FILE PHOTO: Alex Saab Moran is seen in a booking photograph available to Reuters on October 17, 2021. Broward County Sheriff’s Office/Handout via REUTERS
By Brian Ellsworth
MIAMI, Feb 16 (Reuters) – Alex Saab, an ally of Venezuelan President Nicolás Maduro, cooperated with U.S. authorities for nearly a year beginning in 2018 by seizing funds and serving as a confidential source, according to a court document released Thursday. Wednesday.

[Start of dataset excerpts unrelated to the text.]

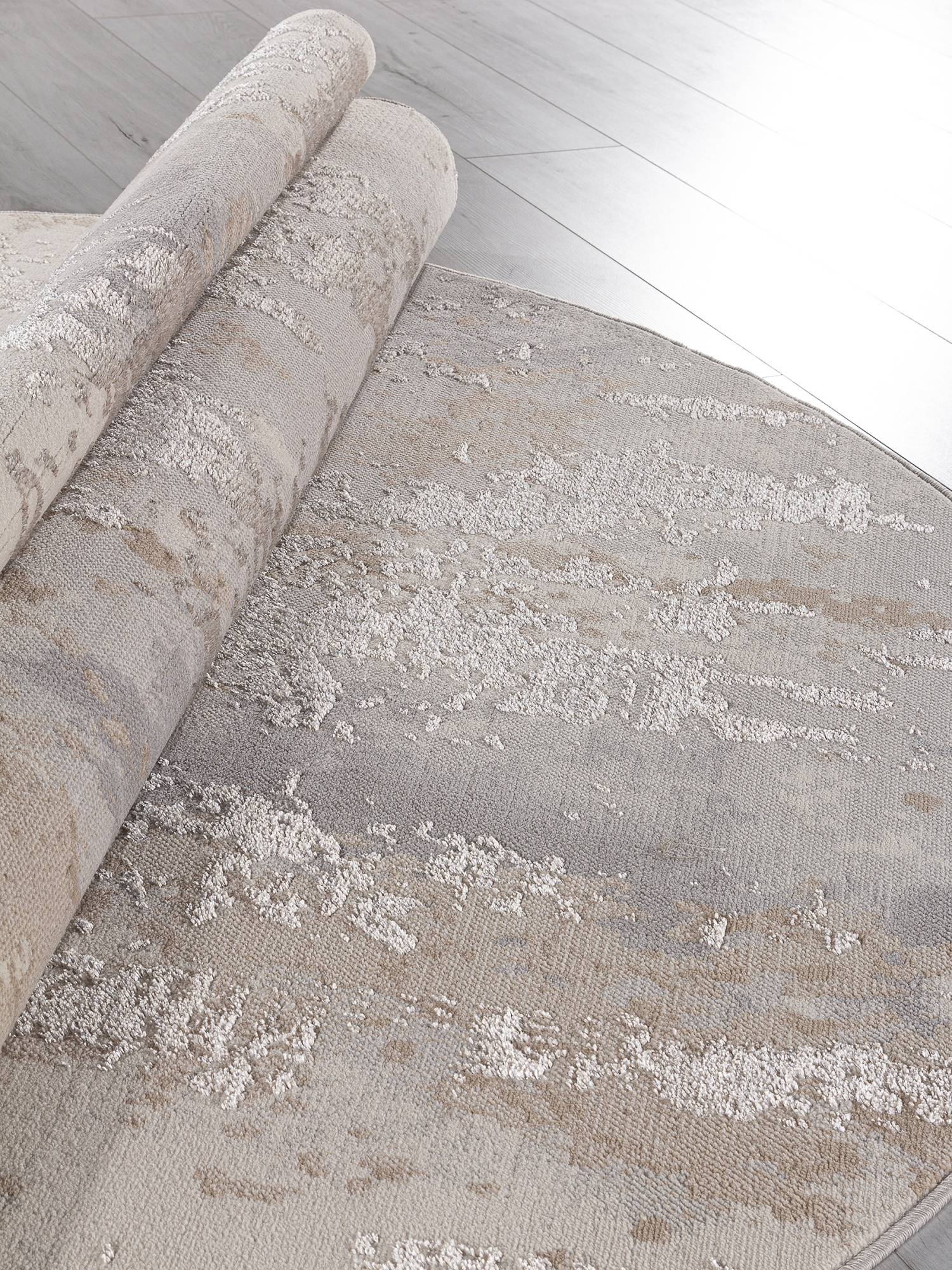 Абстрактный рисунок, серо-бежевая расцветка и модная овальная форма. Этот ковер будет стильным дополнением для интерьера вашего дома.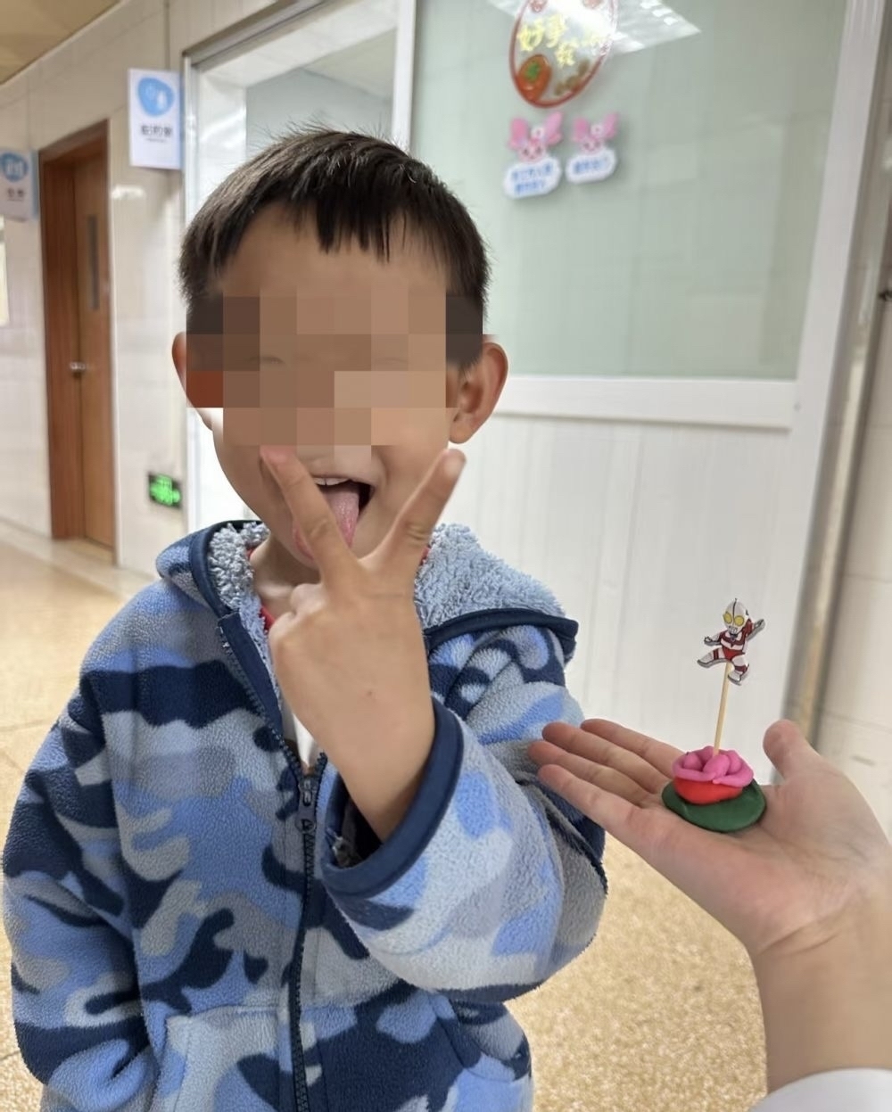 近日,在广州市番禺区何贤纪念医院儿科病房里,5岁的肺炎患儿晨晨用他稚嫩的双手,为护士姐姐们送上了一份特别的礼物——一个用软陶泥精心制作的“彩虹蛋糕”。蛋糕上插着的奥特曼蜡烛,在晨晨心中是拥有超能力的“超能力宝石”,承载着他对护士姐姐们的满满祝福,以及战胜病魔的坚定信念。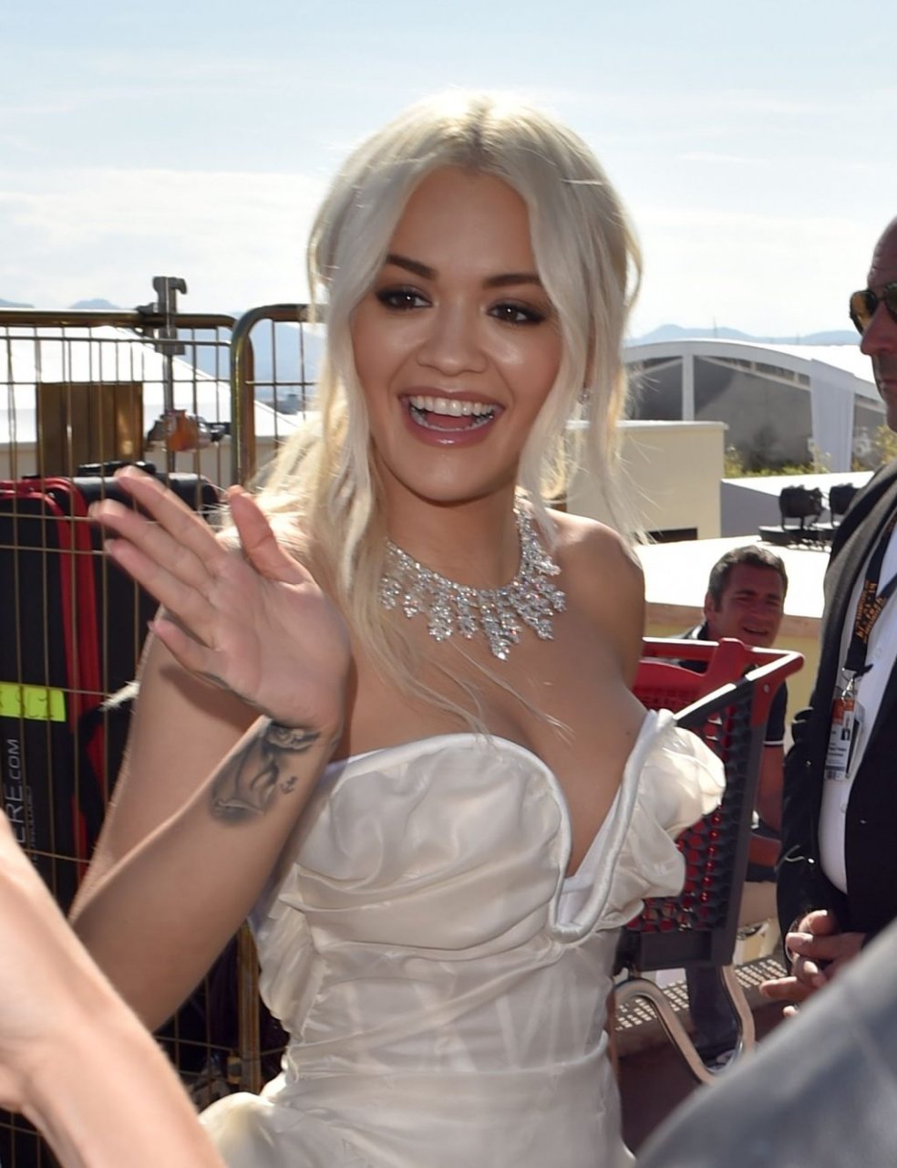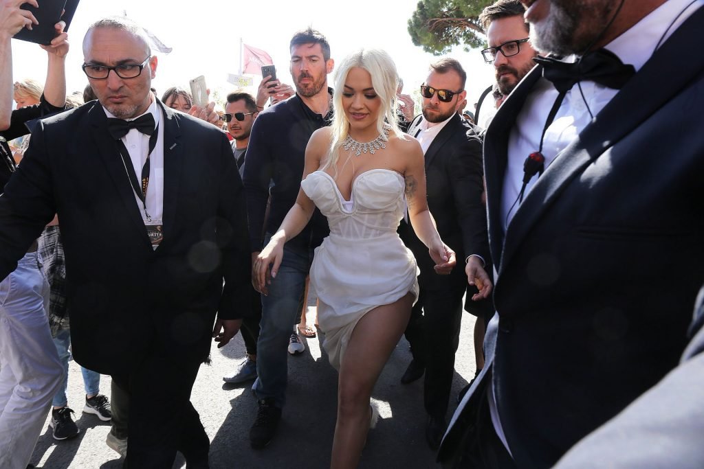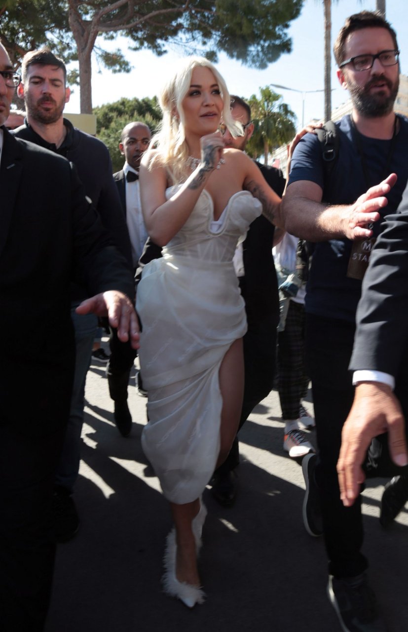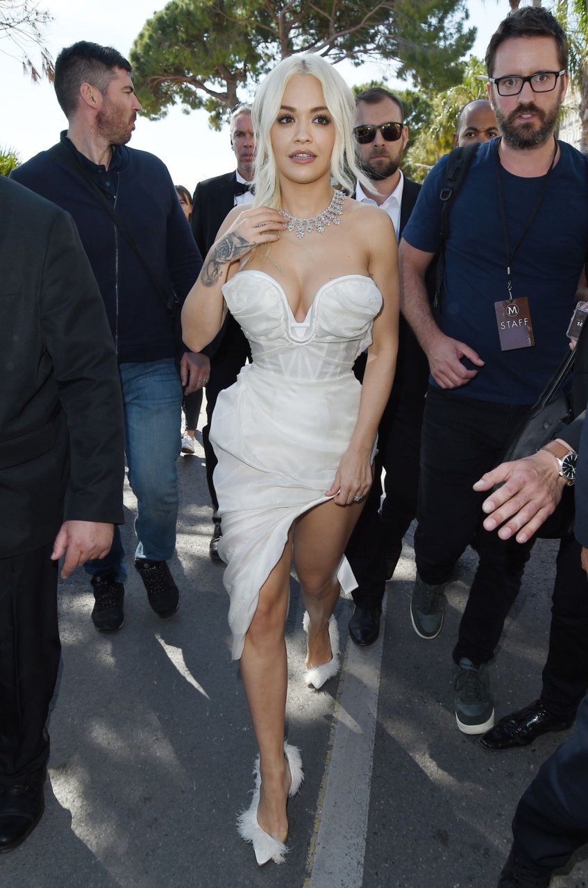 La chanteuse britannique Rita Ora a été vue lors du 72e Festival de Cannes, le 16/05/2019. La poitrine généreuse a mis en valeur son décolleté, portant une magnifique robe blanche.
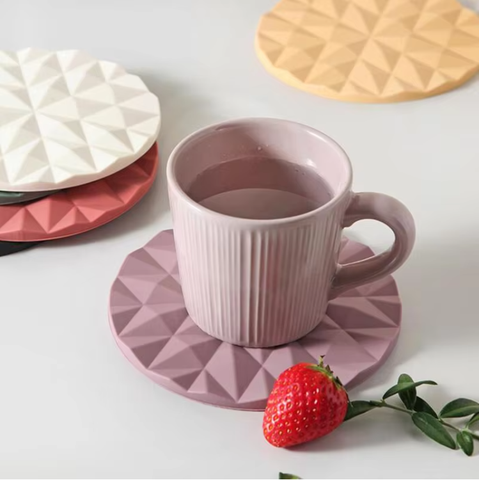 Coaster resistente ao calor Eco-Friendly da grão do diamante do estilo coreano bonito da esteira da cozinha do silicone do ODM do OEM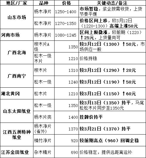 核心观察:3月24日,市场整体呈现 “南涨北稳,松木领涨” 的格局。松木片在南方(广西、湖北)及北方(山东)价格均出现显著上涨,区间上移50-60元,成为最强驱动。桉木片在广西地区继续小幅跟涨。杨木片北方主产区价格区间保持稳定,河南高端略有上探。楠竹净片价格自高点回调后趋于稳定。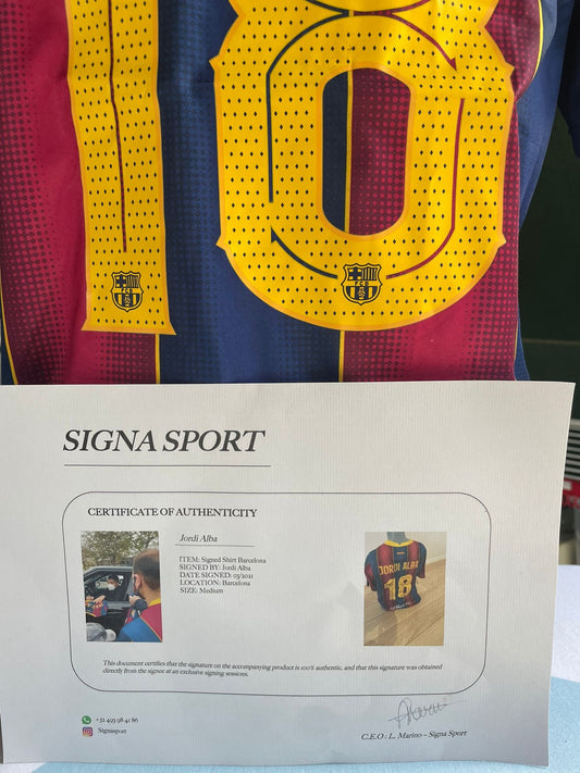 Gesigneerd Jordi Alba Barcelona 2020-2021 shirt met echtheidscertificaat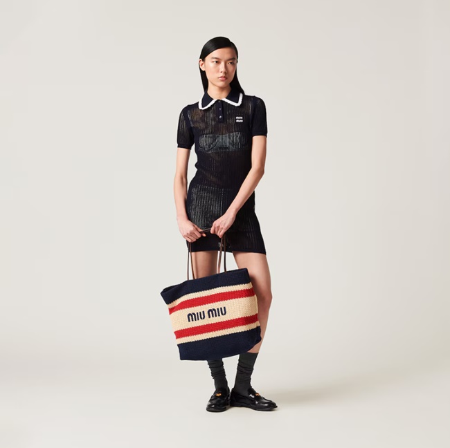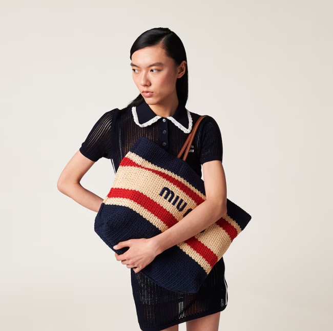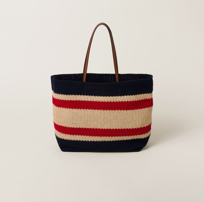 미우 미우 라피아 앤 코튼 토트백 베이지 블루 5BG228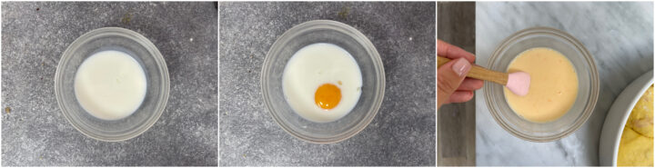 Nel frattempo prendete una ciotolina con il latte e unite il tuorlo.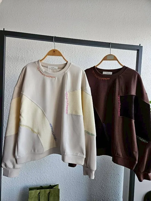 彩車線坑條拼接造型衣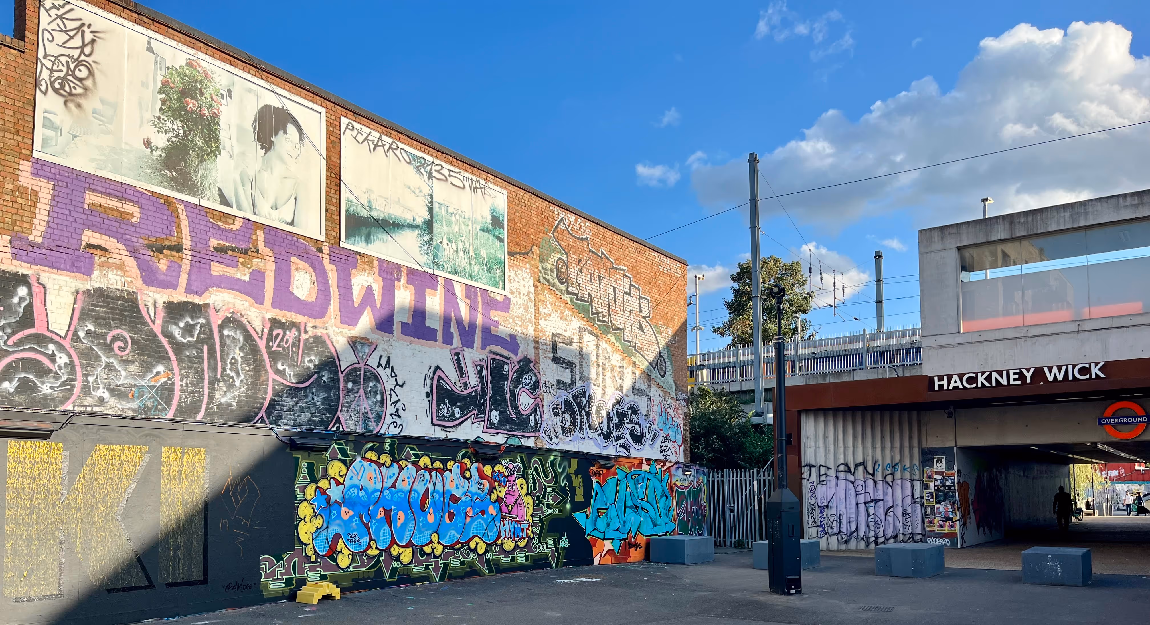 - Hackney Wick is famous for its ever-changing street art. The area is basically an open gallery with huge murals, graffiti and installations by local and international artists everywhere. Some of the most iconic murals can be found near Hackney Wick Station, along Wallis Road, White Post Lane and Rothbury Road;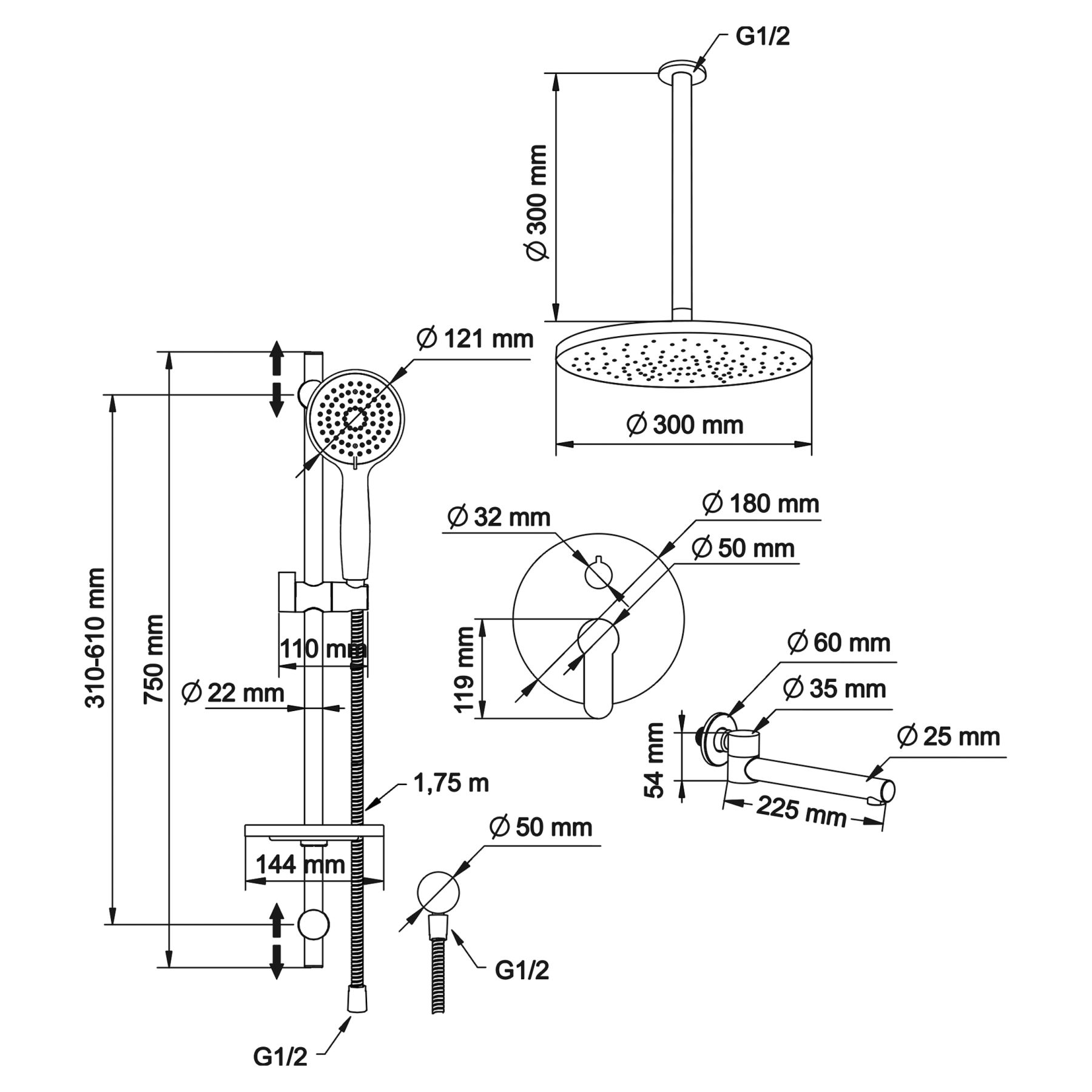 - верхний душ (душевая головка) с регулировкой наклона, потолочный монтаж;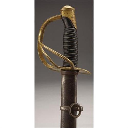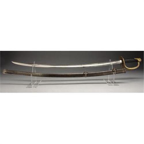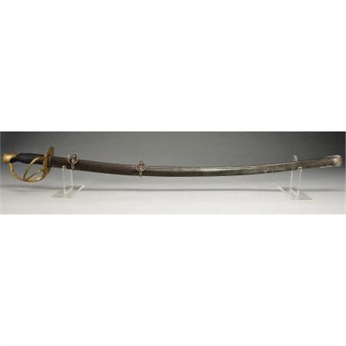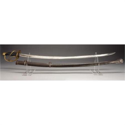 <B>U.S. M1860 LIGHT CAVALRY SABER WITH INTERESTING PERIOD ID.</B></I> Standard M1860 light cavalry in every respect but completely unmarked, no maker or inspectors, and clearly made this way. Neatly scratched on the back of the knuckle bow and unquestionably period, “W. M. E. U. S. R. I.”, most intriguing. An unusual M1860 light cavalry with interesting ID and superb condition. <BR><BR><B>Condition: </B></I>Completely untouched. Blade near mint. Brass hilt with nice patina, perfect. Grip with original leather and twisted brass wire wrap, also perfect. Steel scabbard excellent with overall smooth dark patina. Just some negligible surface rust and a few dents on the back near the drag. Drag with some light pitting and wear on the bottom from being carried.<BR><BR><BR><b>Shipping:</b> Requires 3rd Party Shipping (<a target="_blank" href="http://www.heritageauctions.com/common/shipping.php">view shipping information</a>)
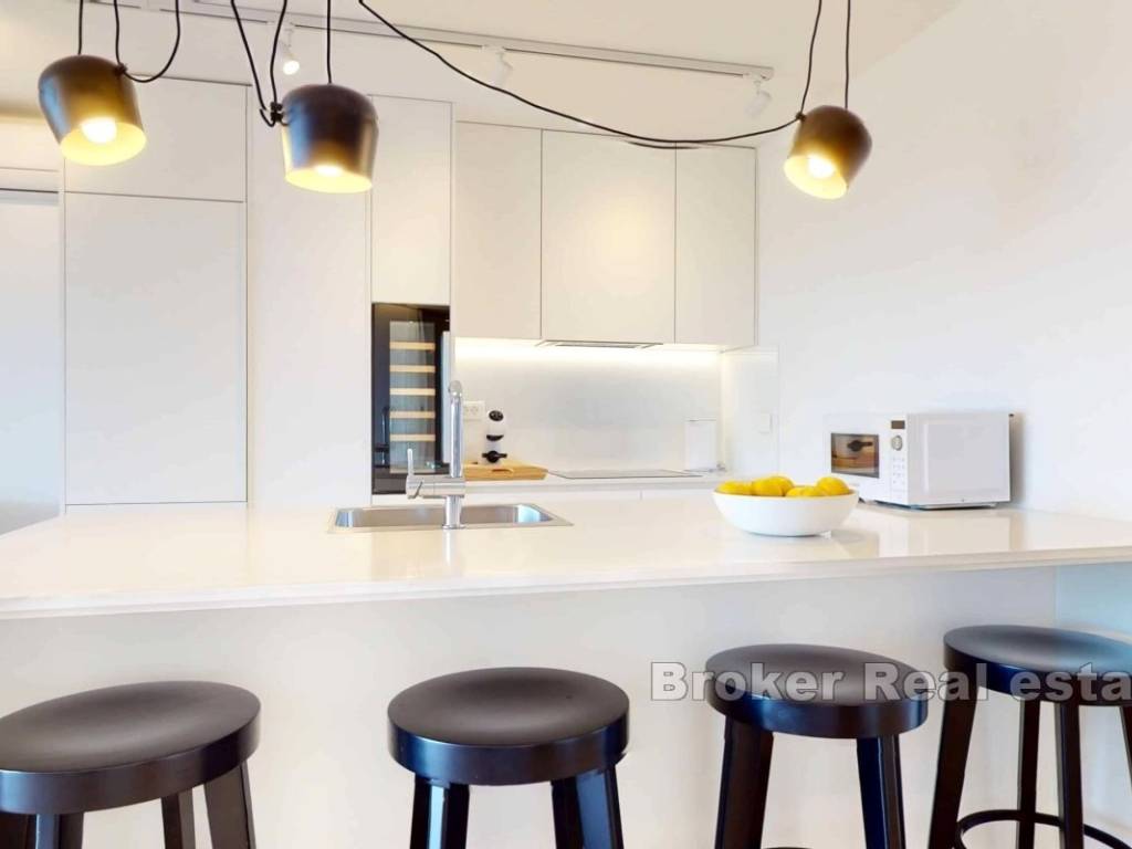 With a total area of 90m, the apartment consists of an entrance hallway, two spacious bedroomsone of which is a master bedroom with an en-suite bathroom and direct access to the terracean additional bathroom with a modern shower and underfloor heating, and an open-plan living and dining area filled with natural light. The fully equipped kitchen, featuring additional workspace, ensures maximum practicality.

Saab agreed to be an “active source” for the Drug Enforcement Administration (DEA) and then confessed to paying bribes to Venezuelan officials, US prosecutors said in a court document. In 2019, she was told she would face criminal charges if she didn’t turn herself in, according to the filing.
Attorney David Rivkin said in a statement that Saab only met with US officials to explain that their companies had done nothing wrong, adding that Venezuela was fully aware of their meetings.
The news is a setback for the Maduro government, which has defended Saab as a special envoy who helped him conduct business under the radar of US sanctions, measures intended to cause him to leave the government.
Saab was indicted in 2019 and arrested a year later while fueling his plane on the West African island of Cape Verde, which last year approved his extradition to the United States, a move Maduro’s government described as a kidnapping.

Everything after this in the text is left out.